Understanding Preferential Debts in POCA Confiscation

The Available Amount in POCA Confiscation Cases: Preferential Debts Explained

When the Crown Court determines the available amount under section 95 of the Proceeds of Crime Act 2002 (POCA), the legislation only allows certain liabilities to reduce the figure. These are known as “priority obligations”.

One key category is preferential debts, but what exactly falls within that definition?

Section 95 POCA and Priority Obligations

Under section 95(2)(b) POCA, an obligation has priority if it is one which would be treated as a preferential debt under insolvency law. That means we need to look at the Insolvency Act 1986, specifically section 386 and Schedule 6.

Section 386 Insolvency Act 1986

Section 386 confirms that “preferential debts” are those listed in Schedule 6. These are debts which, in bankruptcy or winding up, rank ahead of ordinary unsecured creditors.

The legislation also distinguishes between:

  • Ordinary preferential debts – the traditional categories, such as employee-related claims.

  • Secondary preferential debts – introduced more recently, covering certain HMRC liabilities.

What Debts Are Preferential?

Schedule 6 includes:

Ordinary Preferential Debts

  • Employee wages and salaries (subject to statutory limits, usually capped to arrears in the four months before insolvency).

  • Holiday pay due to employees.

  • Occupational pension scheme contributions owed by the employer.

  • Certain levies and compensation scheme contributions, e.g. to the Financial Services Compensation Scheme.

Secondary Preferential Debts

Since reforms in 2020, HMRC has regained preferential creditor status for specific tax debts, including:

  • VAT

  • PAYE income tax

  • Employee National Insurance contributions

  • Construction Industry Scheme (CIS) deductions

Importantly, these only cover “trust” taxes collected by businesses on behalf of others (like VAT or PAYE).

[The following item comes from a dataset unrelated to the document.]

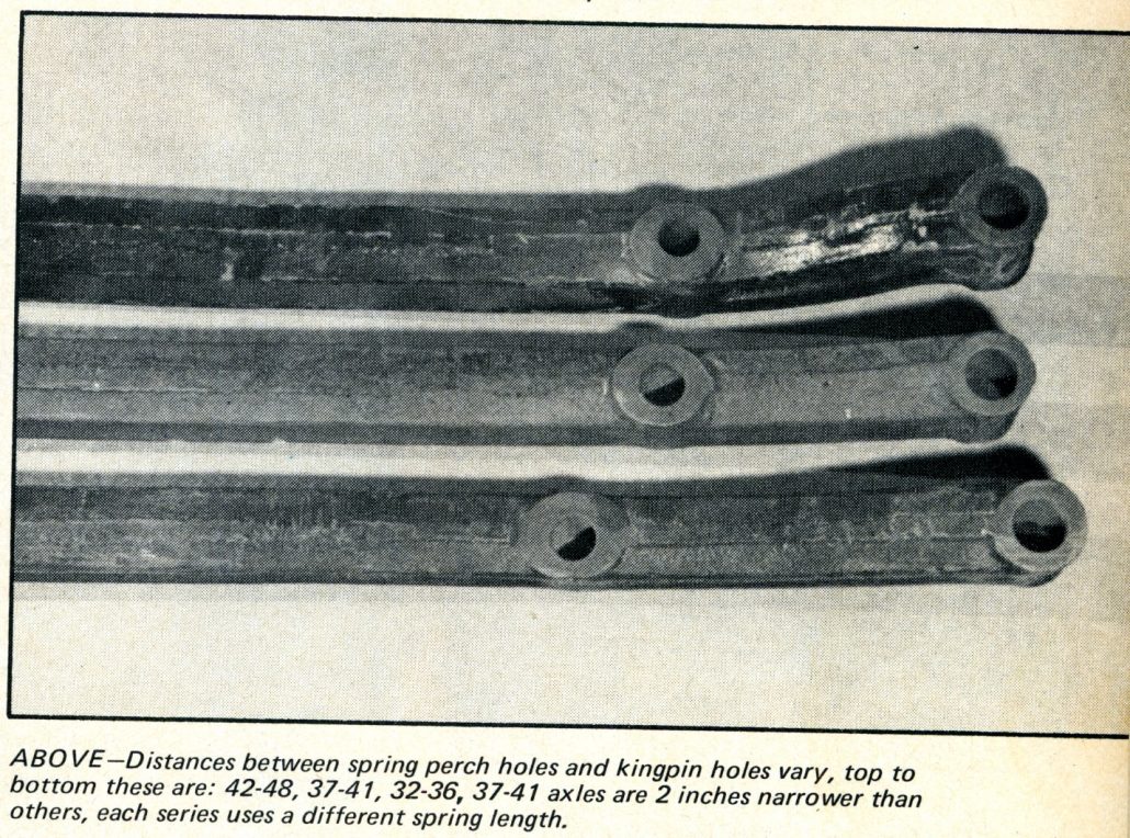 - Here the Author (Neil East) Noted That The Distances Between Spring Perch Holes and Kingpins Varied. From Top to Bottom: 1: 1942-1948; 2: 1937-1941; 3: 1932-1936. The 1937-1941 Front Axles are 2 Inches Narrower Than Others, and Each of These Axles Uses a Different Leaf Spring Length.

Corporation tax and employer NICs remain ordinary unsecured debts.

What Does Not Count as Preferential?

  • Bank loans, overdrafts and mortgages

  • Credit card balances

  • Trade creditor debts

  • Personal loans

  • Legal aid contributions

These may be pressing liabilities, but they do not reduce the available amount under POCA.

Why It Matters in Confiscation Proceedings

When assessing assets against liabilities, defendants often seek to argue that general debts should reduce the available amount. The law is clear: unless the debt falls within the narrow list of preferential debts under the Insolvency Act, it cannot be deducted.

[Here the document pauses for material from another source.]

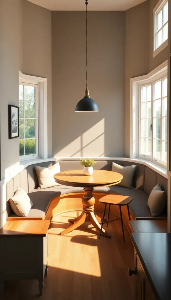 Transform your bay window into a charming dining area. A round or oval table fits perfectly within the curved space, paired with built-in benches or compact chairs.

This has two key implications:

  1. Defence teams should carefully identify whether any HMRC liabilities fall within the secondary preferential category.

  2. Practitioners must manage client expectations, most personal debts will not reduce the confiscation order.

Conclusion

The concept of “preferential debt” in POCA is not intuitive, because it imports terminology from insolvency law. In practice, only a limited range of debts reduce the available amount, mainly employee-related liabilities and certain HMRC taxes.

For defendants, this means that many day-to-day debts simply do not count. For practitioners, it underlines the importance of knowing exactly which liabilities qualify when challenging the Crown’s figures.